A total sleep disturbance score is calculated as the sum of all CSHQs scored questions and can ranged from 33 to 99. The minimum total score is 33 and the maximum is 99. The children total score were classified as follows: poor habits sleep scale score was less than 50% represent >50 marks, average habits sleep scale score was represented 50% and more than which present < 50 marks.

Tool III: An observational checklist: It was adopted from Maness and Khan 15. It filled by the researchers to evaluate studied children’s practices in relation to relaxation techniques (Deep-breathing exercises, imagery exercises, progressive muscle relaxation, yoga and abdominal breathing, and repetitive focus).

Scoring system:

A correct practice had (1) score, while the incorrect had (zero). It was scored into either inadequately done (less than 60%) or adequately done (60% and more). The total score was categorized as satisfactory = 70 - 100, or unsatisfactory = less than 70.

2.8. Validity and Reliability

Content validity was performed by six colleges; two professors from the Pediatric Nursing Department, two professors from the Community Nursing Department, and two professors from the Psychiatric Nursing Department of Nursing Faculty. All experts were affiliated to Fayoum University, Egypt. The developed tools were tested for reliability.

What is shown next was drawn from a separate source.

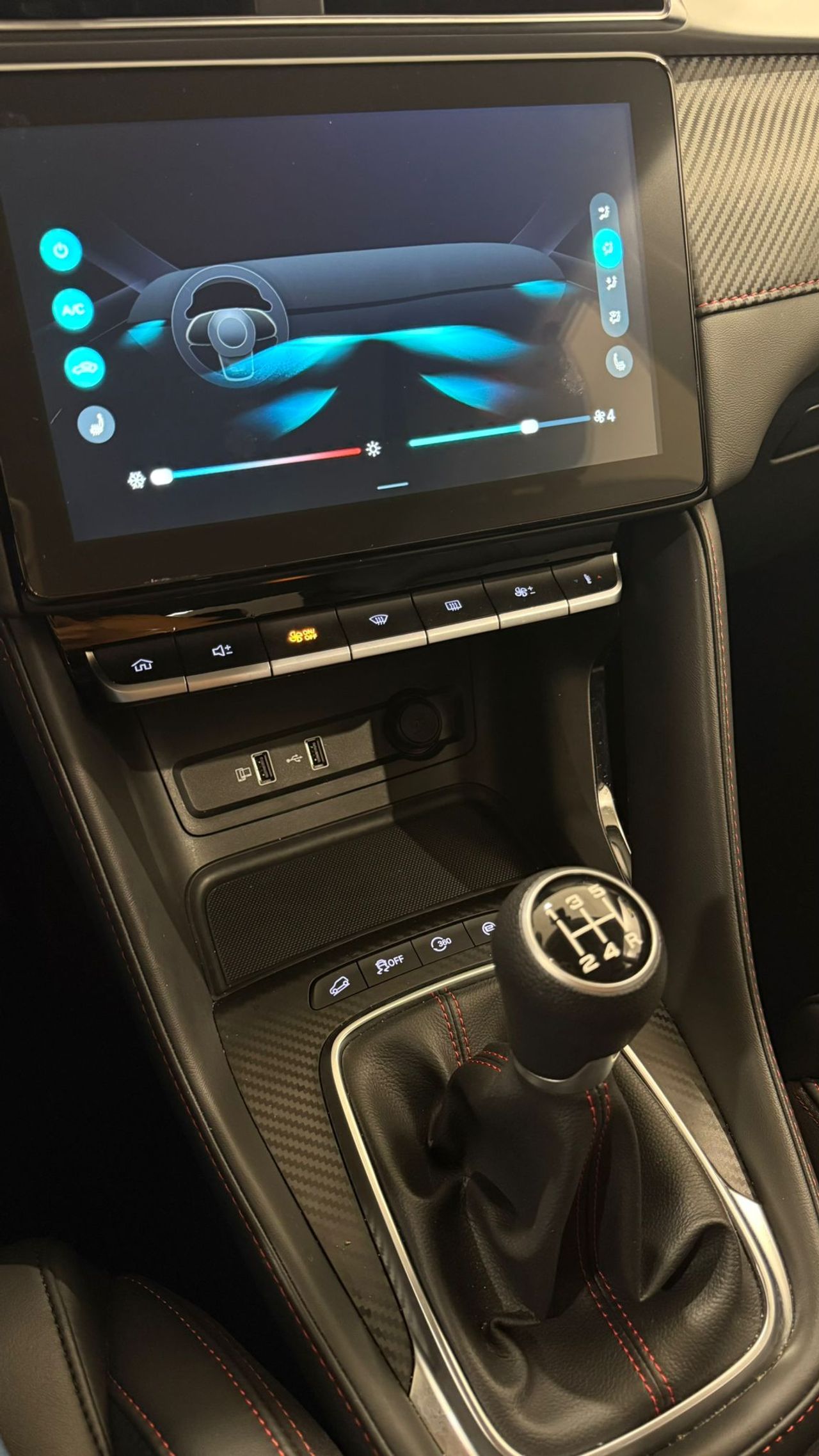 • Acabados de lujo: pomo de la palanca de cambios en símil aluminio, consola central en símil fibra de carbono, puertas en símil aluminio y tablero en símil aluminio

The reliability test of the translated version was established by using Cronbach's alpha and Pearson correlation which showed good internal consistency construct validity, Cronbach's Alpha coefficient test = (0.887) for quality of sleep tool, and (0.865) for Non-pharmacological intervention tool and An observational checklist was (0.854).

2.9. Description of Non-pharmacological Intervention

Procedure:

The study was conducted in three phases (preparatory phase, implementation phase, and evaluation phase).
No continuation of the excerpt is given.